━━━━━ DATA FOR PROCESSING

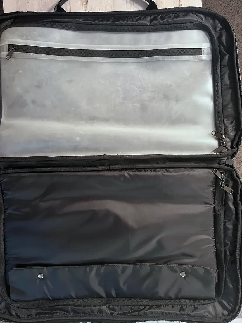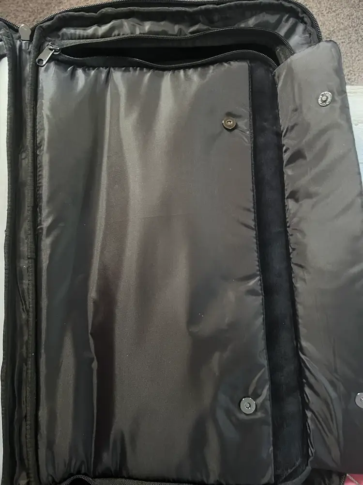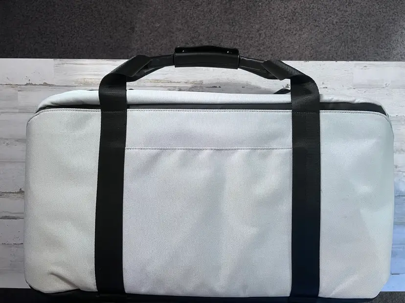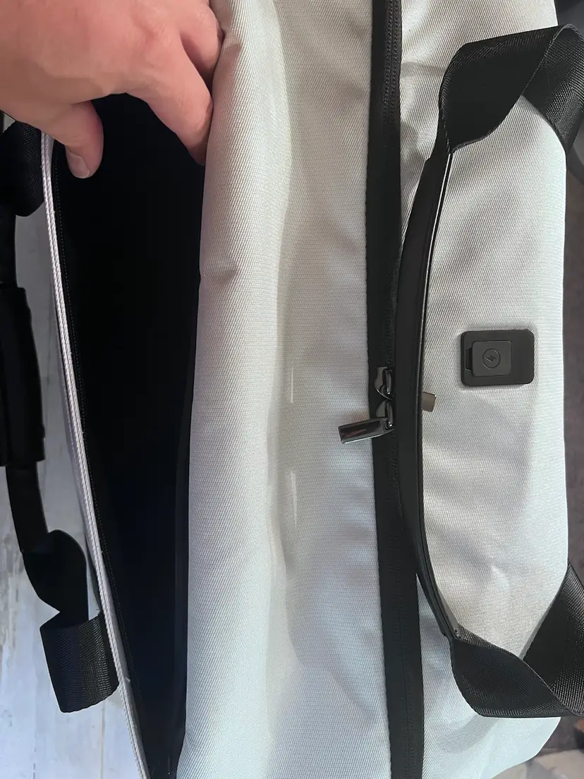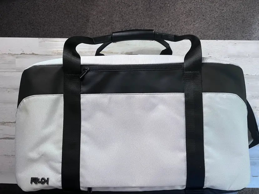 -Luggage pass through (functions as pocket when not unzipped) -Padded and adjustable strap, removable -Felt lined laptop compartment fits up to a 16” -Insulated pocket for hot/cold items -Moisture-resistant pocket for gym clothes, bathing suits, etc. -Exterior charging port, comes with Ruk 10,000mah slim battery pack -Exterior cup holders -Padded and reinforced bottom -Overall capacity of 40L -Used once. Decided I’m a backpack guy -Retails new for $149
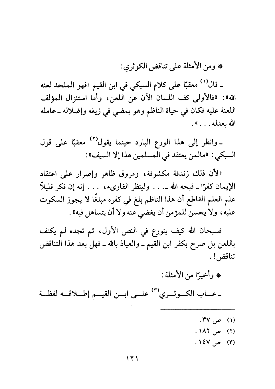 فسبحان الله كيف يتورع في النص الأول، ثم تجده لم يكتف باللعن بل صرح بكفر ابن القيم -والعياذ بالله- فهل بعد هذا التناقض تناقض!.
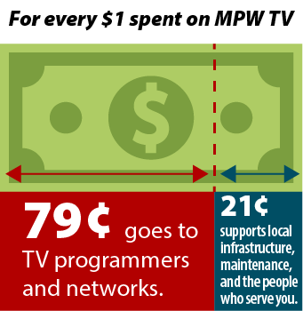 “We know video price increases are impactful for customers, and we work hard to limit them whenever possible,” General Manager, Gage Huston said. “As a municipal utility, MPW carefully manages the costs we can control while continuing to provide services our community values. For every dollar customers pay for their MPW TV package, about $0.79 goes directly to programming costs, with the remaining $0.21 covering local infrastructure and the teams who deliver that service.”
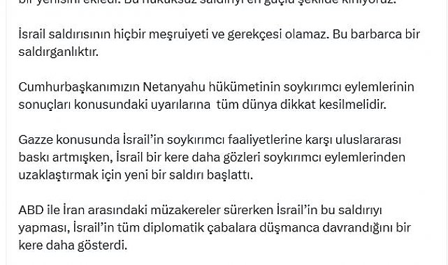 AK Parti Genel Başkan Yardımcısı ve Parti Sözcüsü Ömer Çelik, İsrail'in İran'a saldırısını en güçlü şekilde kınadıklarını açıkladı.AK Parti'li Ömer Çelik, sosyal medya hesabından yaptığı açıklamada, "İsrail İran'a saldırarak tüm bölgeyi ateşe atan vahşi ve barbar saldırılarına bir yenisini ekledi. Bu hukuksuz saldırıyı en güçlü şekilde kınıyoruz. İsrail saldırısının hiçbir meşruiyeti ve gerekçesi olamaz. Bu barbarca bir saldırganlıktır. Cumhurbaşkanımızın, Netanyahu hükümetinin soykırımcı eylemlerinin sonuçları konusundaki uyarılarına tüm dünya dikkat kesilmelidir. Gazze konusunda İsrail'in soykırımcı faaliyetlerine karşı uluslararası baskı artmışken, İsrail bir kere daha gözleri soykırımcı eylemlerinden uzaklaştırmak için yeni bir saldırı başlattı. ABD ile İran arasındaki müzakereler sürerken İsrail'in bu saldırıyı yapması, İsrail'in tüm diplomatik çabalara düşmanca davrandığını bir kere daha gösterdi. İsrail saldırganlığı tüm dünya için tehdittir. Buna karşı tüm dünya ortak somut tedbirler almalıdır" ifadelerini kullandı.
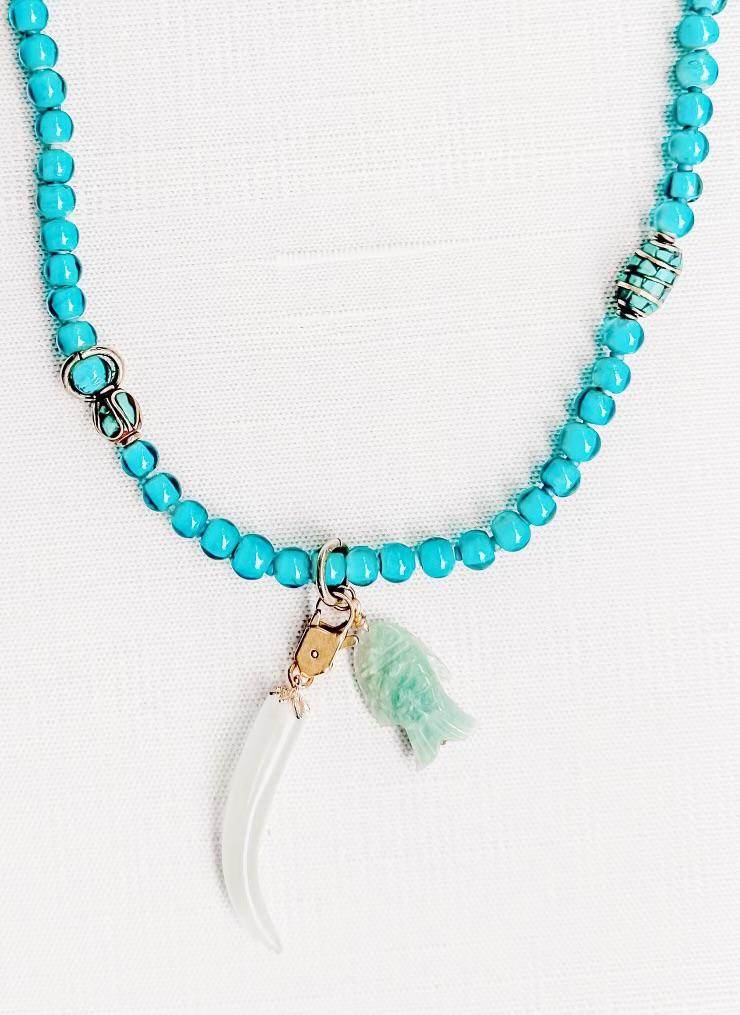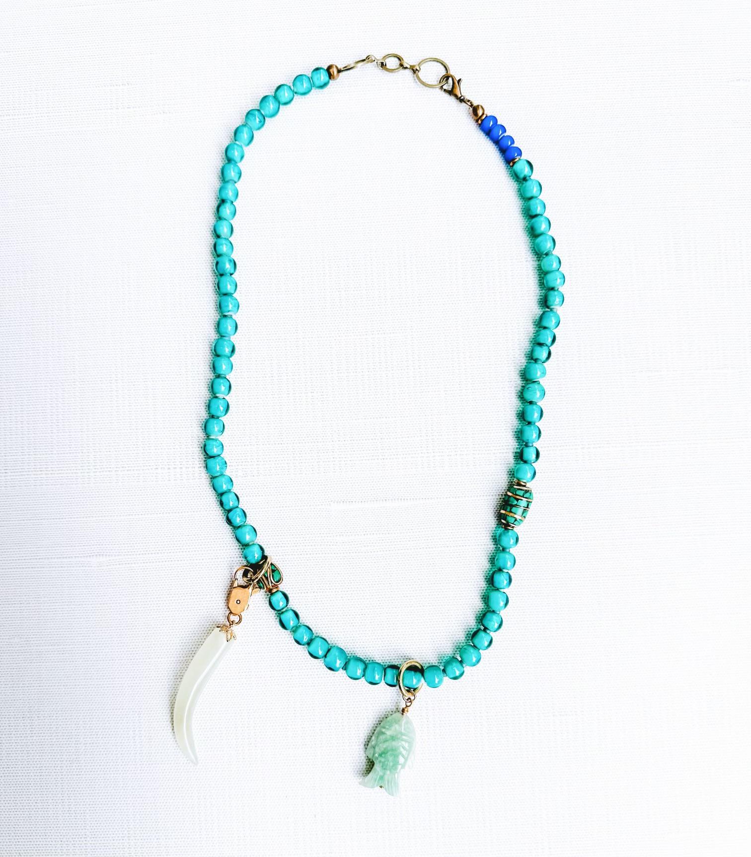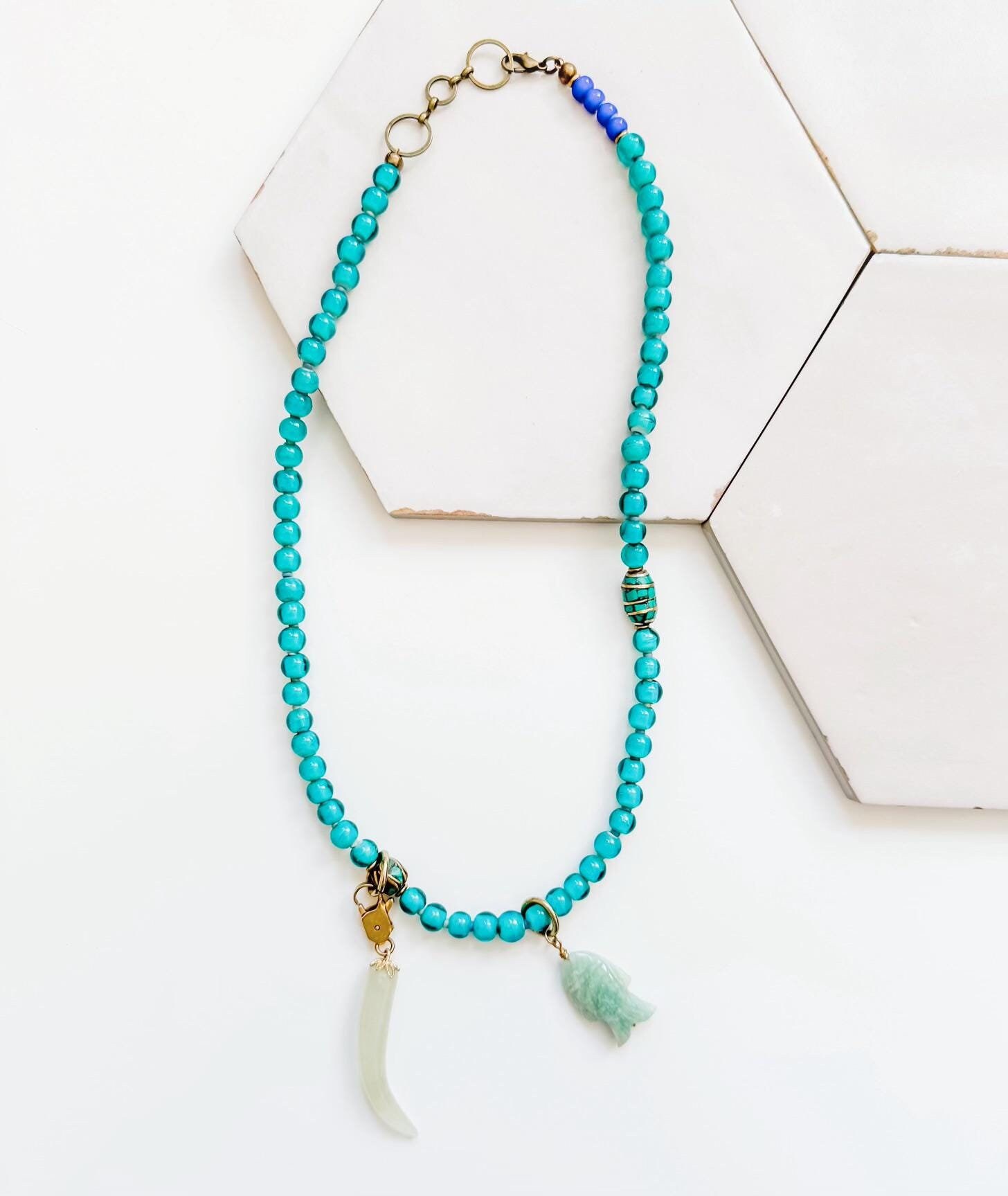 Chunky turquoise and cobalt blue vintage glass, turquoise inlay Nepali beads, and carved jade charms. The tusk charm can be removed or moved around the necklace making it usable with other pieces as well. This piece has a beautiful glow and is one of my personal favorites. 14k gold-filled & brass hardware. Adjustable 19-20.5" in length.

━━━━━━━━━━

• [WHAT TO DO]: Transcribe all the data word for word; the images stay out.

• [EXPECTED ANSWER]:
 -Luggage pass through (functions as pocket when not unzipped) -Padded and adjustable strap, removable -Felt lined laptop compartment fits up to a 16” -Insulated pocket for hot/cold items -Moisture-resistant pocket for gym clothes, bathing suits, etc. -Exterior charging port, comes with Ruk 10,000mah slim battery pack -Exterior cup holders -Padded and reinforced bottom -Overall capacity of 40L -Used once. Decided I’m a backpack guy -Retails new for $149
 فسبحان الله كيف يتورع في النص الأول، ثم تجده لم يكتف باللعن بل صرح بكفر ابن القيم -والعياذ بالله- فهل بعد هذا التناقض تناقض!.
 “We know video price increases are impactful for customers, and we work hard to limit them whenever possible,” General Manager, Gage Huston said. “As a municipal utility, MPW carefully manages the costs we can control while continuing to provide services our community values. For every dollar customers pay for their MPW TV package, about $0.79 goes directly to programming costs, with the remaining $0.21 covering local infrastructure and the teams who deliver that service.”
 AK Parti Genel Başkan Yardımcısı ve Parti Sözcüsü Ömer Çelik, İsrail'in İran'a saldırısını en güçlü şekilde kınadıklarını açıkladı.AK Parti'li Ömer Çelik, sosyal medya hesabından yaptığı açıklamada, "İsrail İran'a saldırarak tüm bölgeyi ateşe atan vahşi ve barbar saldırılarına bir yenisini ekledi. Bu hukuksuz saldırıyı en güçlü şekilde kınıyoruz. İsrail saldırısının hiçbir meşruiyeti ve gerekçesi olamaz. Bu barbarca bir saldırganlıktır. Cumhurbaşkanımızın, Netanyahu hükümetinin soykırımcı eylemlerinin sonuçları konusundaki uyarılarına tüm dünya dikkat kesilmelidir. Gazze konusunda İsrail'in soykırımcı faaliyetlerine karşı uluslararası baskı artmışken, İsrail bir kere daha gözleri soykırımcı eylemlerinden uzaklaştırmak için yeni bir saldırı başlattı. ABD ile İran arasındaki müzakereler sürerken İsrail'in bu saldırıyı yapması, İsrail'in tüm diplomatik çabalara düşmanca davrandığını bir kere daha gösterdi. İsrail saldırganlığı tüm dünya için tehdittir. Buna karşı tüm dünya ortak somut tedbirler almalıdır" ifadelerini kullandı.
 Chunky turquoise and cobalt blue vintage glass, turquoise inlay Nepali beads, and carved jade charms. The tusk charm can be removed or moved around the necklace making it usable with other pieces as well. This piece has a beautiful glow and is one of my personal favorites. 14k gold-filled & brass hardware. Adjustable 19-20.5" in length.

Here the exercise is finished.